Uwolnić długie pióra! Wczoraj już trzeciemu chłopakowi wybijałam z głowy pomysł ścięcia włosów. Niepotrzebnie sama ścinałam, mam przez to słabszą argumentację, ale i tak lubię mój nowy fryz. A zdając się na opinię już pewnie ponad 40 ludzi, wyjątkowo najs mi w nim.
I wcale nie wyglądam jak emo!
A krucjatę przeciw krótkim piórkom prowadzić będę dalej.
Bollywoodowania się ciąg dalszy. "Kabhi alvida naa kehna" obejrzałam.
Co było bezcenne z tego co pamiętam:
# mina SRK po tabletkach na uspokojenie (o taka -->
:3)
# "where are you going, baby?" by Bachchan senior
# gleba by Bachchan junior na "to twoja przyszła macocha"
# demolujący dom Bachchan junior
# Bachchany w ogóle!
# nokaut Czarnej Bestii
# "Jak się jeszcze raz zgubisz, pokroję cię na kawałeczki, zmiksuję na koktajl i wypiję!"
# porady Mayi co robić z kobietami, Deva co robić z mężczyznami i wykorzystanie tego w praktyce (Bachchan junior po raz drugi spotyka się z podłogą. Ja też.)
# - Do you wanna fight for your marriage?

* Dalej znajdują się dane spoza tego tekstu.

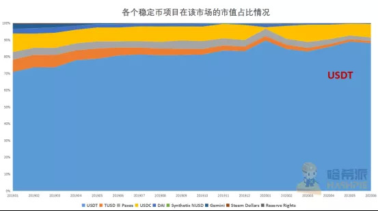 各个稳定币项目在该市场的市值占比情况(数据源自:Stablecoin Index)
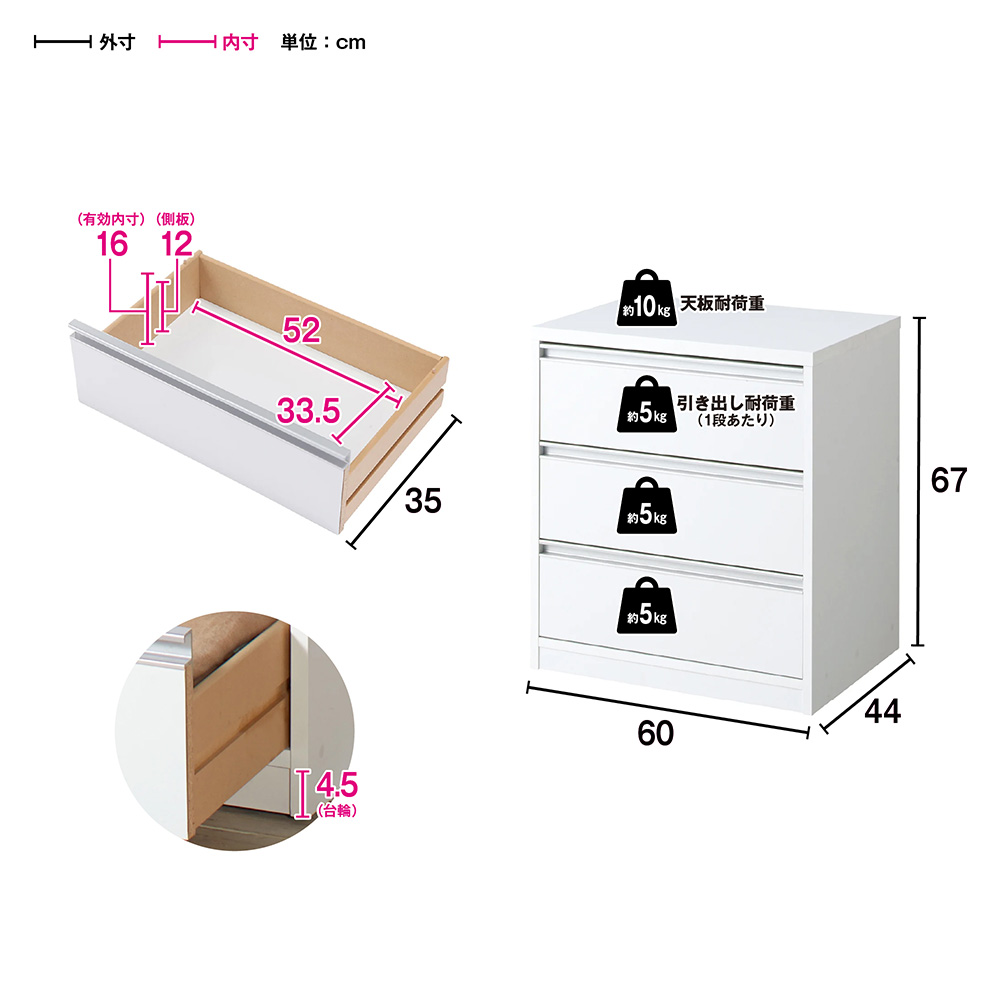 引き出し有効内寸 幅52cm 奥行33.5cm 高さ16cm
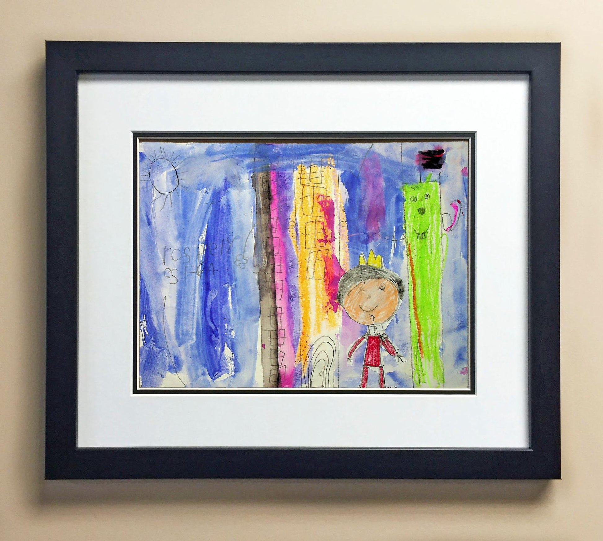 Included with the purchase is the Students Artwork, Frame, double matboard, shatter proof plexiglass, and a ready to hang backerboard with turnbuttons
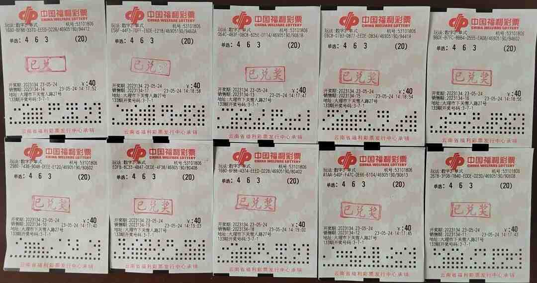5月24日,福彩第2023134期开奖,一位幸运的彩民在大理市下关雪人路27号第53101806号福彩销售网点中了20.8万元的大奖,他选择了号码“4、6、3”,并且投注了200倍。

- I'm not married, I'm gay.
- Good for you!
# "Dev! Lubię niebieski."
# "Czy chcesz dzielić ze mną życie, smutki i radości? Tylko odpowiadaj szybko, bo boli mnie noga. Kocham cię, do cholery!"
Film uroczy, ale końcówka durna do granic możliwości. Jak dla mnie. Chyba trochę za dużo po KANK oczekiwałam. A boski SRK zagrał nieźle, ale wielbić go za Deva nie będę tak jak wielbiłam za Devdasa i Amana.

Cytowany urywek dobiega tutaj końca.